Usually CHR systems conform to 2 levels of operational semantics, namely
abstract and refined. The abstract one is simpler but not deterministic.
Typically systems parallelizing solving process conform to just abstract
semantics. It is considered not usable in practice. Systems conforming refined
semantics are much more usable but they may be considered as usual general
programming language programs, and they are hard to parallelize implicitly.
There are extensions (utilized in CHRv2) adding notion of priority to rules.
That priorities orders and execution of rules but still leaves space for easy
parallelization (not implemented as far as I'm aware).
CHR2SQL implements some semantics which is somewhere between abstract and
refined ones. And it doesn't implement priorities, but still it sounds quite
usable on samples from CHR text books. I don’t have any formal proof and I don’t
have any plans to do them. That’s more a kind of empirical vision. Original
motivation for such system is from one of my projects utilizing equality
saturation technique for some modeling task. It was implemented using Leuven
CHR System on SWI-Prolog. But equality saturation requires huge number of
constraints. So they not always fit in memory. The obvious solution to this is
to use some DBMS. And this library is an attempt to implement such CHR system.
CHR2SQL commits rules actions in batches. It uses INSERT … SELECT statements,
UPDATEs for a large number of rows etc. Others CHR system has only one active
constraint. It is very similar to just procedure call. And this makes such
systems to be a general programming language. SQL version could use single
active constraint too, and it would even fix memory problem for large
constraints set, but it would lose many advantages SQL provides for batch data
processing.
For example a simple solver from CHR2 thesis implementing Dijkstra’s shortest
path algorithm.
```prolog
init @ +source(V) => dist(V,0).
keep_shortest @ +dist(V,D1), -dist(V,D2), D1=< D2.
label(D) @ +dist(V,D), +edge(V,C,U) => dist(U,D+C).
priority keep_shortest > label(_),
label(X) > label(Y) if X < Y.
```
It displays needs for dynamic priorities in the thesis. The first rule (init)

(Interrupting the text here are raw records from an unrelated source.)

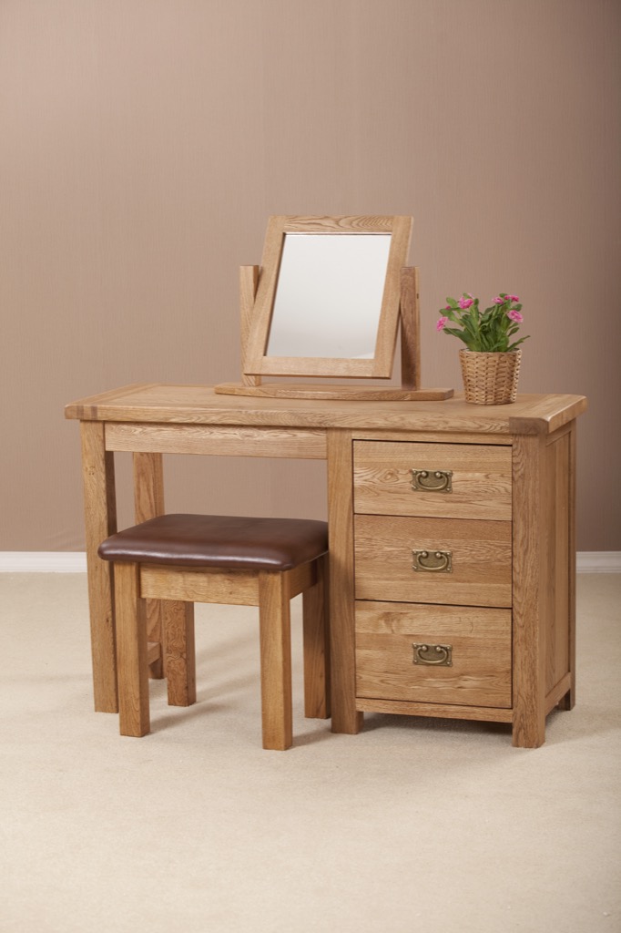 The rustic oak Collection’s dressing table is a typical example of this outstanding range of furniture. Skilfully constructed from the strongest and purest American White Oak with a brushed oil finish, this dressing table would look great in any bedroom.
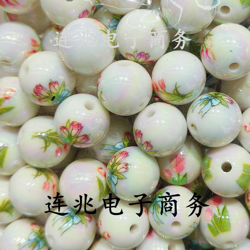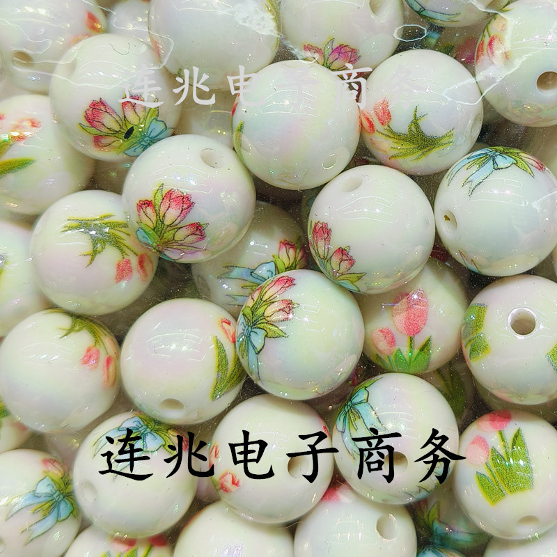 아크릴 인쇄 튤립 꽃 라운드 구슬 16 수직 구멍 DIY Tikk 라이브 전화 문자열 펜 액세서리스토어 가기
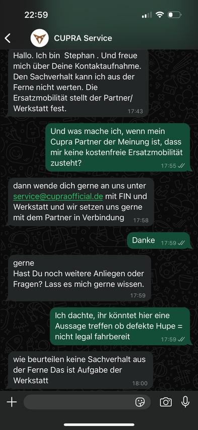 Machen die sich ernsthaft nun wegen 2,5h Ersatzwagen in die Hose? Nicht mehr normal. Sollen dir ohne Cupra Care einfach einen Vorführer mtgeben und gut ist.
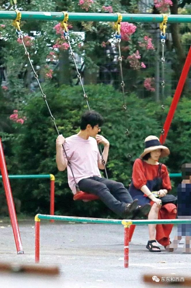 去公园荡秋千,还偷偷看老婆生怕她无聊了。

starts the search, the second rule (keep_shortest) removes bigger found
distance if 2 of them found to the same node. And the third (label) actually
traverses the graph by edges.
If there were no priorities and the system would have abstract semantics because
it runs each rule in separate thread and if the third rule thread has bigger
priority than the second the solver process may run in infinite loop if graph
has cycles. CHR2SQL doesn't implement priorities but it successfully solves the
problem and stops. It is because it handles all data in batches. Even if there
are two solver threads and the one implementing “label” manages to perform a few
steps until “keep_shortest” runs, that “keep_shortest” will remove all the
redundant nodes at once. It resembles breadth-first search for solution while
original CHR uses depth-first. CHR2SQL does perform some redundant job but it
is a kind of little amount of speculative execution, it can be ignored. These
just 3 lines of code implements useful task and can cope with quite big data.